Business Strategy & Outlook

Plug Power seeks to be a leader in the green hydrogen economy. The company’s strategy is centered on its vertical integration approach to provide customers a complete hydrogen solution— from fuel cell technology to green hydrogen fuel. Green hydrogen as a fuel to decarbonize is in its infancy. Customers face numerous challenges with adopting hydrogen technology, including economics and lack of green hydrogen production and infrastructure. Within this context, Plug’s efforts to provide customers a one-stop-shop solution of technology and fuel is considered as an endeavor to lower the barriers for customer adoption. While this strategy brings greater capital intensity, it positions Plug as the only all-in-one provider within the industry. The ambition of Plug’s strategy stands out relative to peers who focus on simply providing fuel cell or electrolyzer solutions. 

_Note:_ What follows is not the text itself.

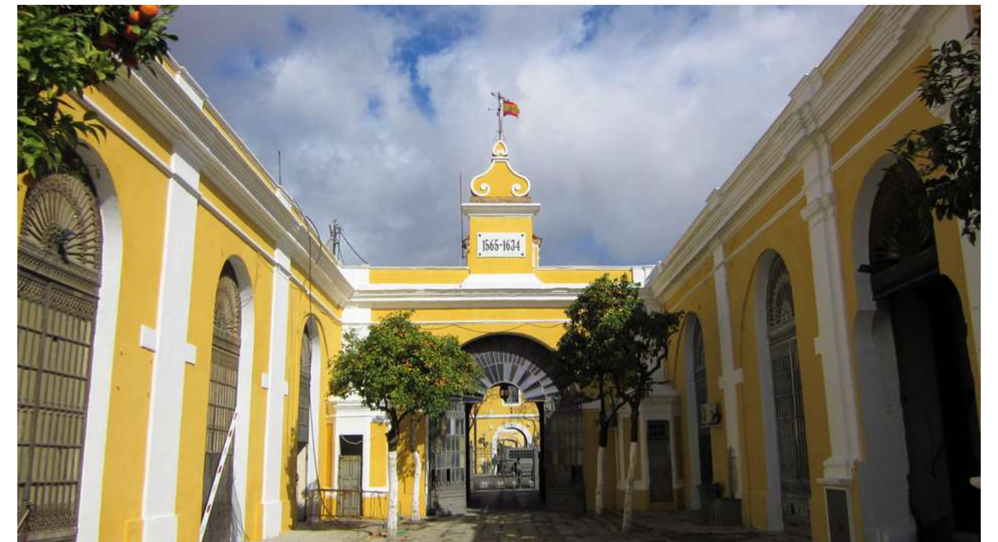
CONSULTORÍA PASSIVHAUS EN EDIFICIO HISTÓRICO: C&A

Plug’s primary end market historically has been material handling (forklifts). The company recognized material handling offered the nearest route to market to prove hydrogen’s value case and established relationships with large companies such as Amazon and Walmart. While material handling comprises the bulk of sales today, the company’s long-term end market focus also includes on-road transport, stationary power, electrolyzers, and green hydrogen fuel. Plug has pursued a partnership approach to target many of its end markets and has several joint ventures with leading companies. These include Renault (light commercial vehicles), Acciona (green hydrogen production), SK (stationary power/electrolyzers), and Fortescue (electrolyzers). A potential partnership for the heavy-duty truck market is still pending, given this represents a sizable market opportunity. Plug has a global approach to its end markets, but the U.S. and Europe are its largest focus areas, particularly for establishing its green hydrogen network.

Financial Strengths

Plug Power’s financial strength has greatly improved in recent years following large equity capital increases. For much of Plug’s history the company’s cash and investments balance has been around $100 million, but stood at north of $4 billion as of Dec. 31, 2021. Current debt outstanding consists of $200 million of convertible notes maturing June 2025 and approximately $100 million under a term loan maturing October 2025. In addition, the company has approximately $200 million of financing obligations associated with sale leaseback financings. Plug Power’s strategic decision to produce green hydrogen greatly increases its future capital requirements. Based on the company’s long-term target of 1,000 tons per day of green hydrogen capacity, a capital requirement of over $4 billion is estimated based on the company’s approximate capital expenditure per ton guidance. While this represents a large use of capital, Plug is expected to raise debt against this business area given its nature. Plug’s operating cash flow is expected to inflect into positive territory around 2025, driven by continued revenue growth and an improvement in fuel margins as it in-sources hydrogen production.

Bulls Say

  • Plug’s partnerships with leading global companies provide validation of its differentiated strategy. 
  • By providing customers a bundled solution of technology and fuel Plug stands to capture a larger addressable market. 
  • Recent capital raises have dramatically improved the company’s financial strength; cash and investments totaled over $4 billion as of year-end 2021.

Company Description

Plug Power is building an end-to-end green hydrogen ecosystem – from production, storage and delivery to energy generation. The company plans to build and operate green hydrogen highways across North America and Europe. Plug will deliver its green hydrogen solutions directly to its customers and through joint venture partners into multiple end markets— including material handling, e-mobility, power generation, and industrial applications.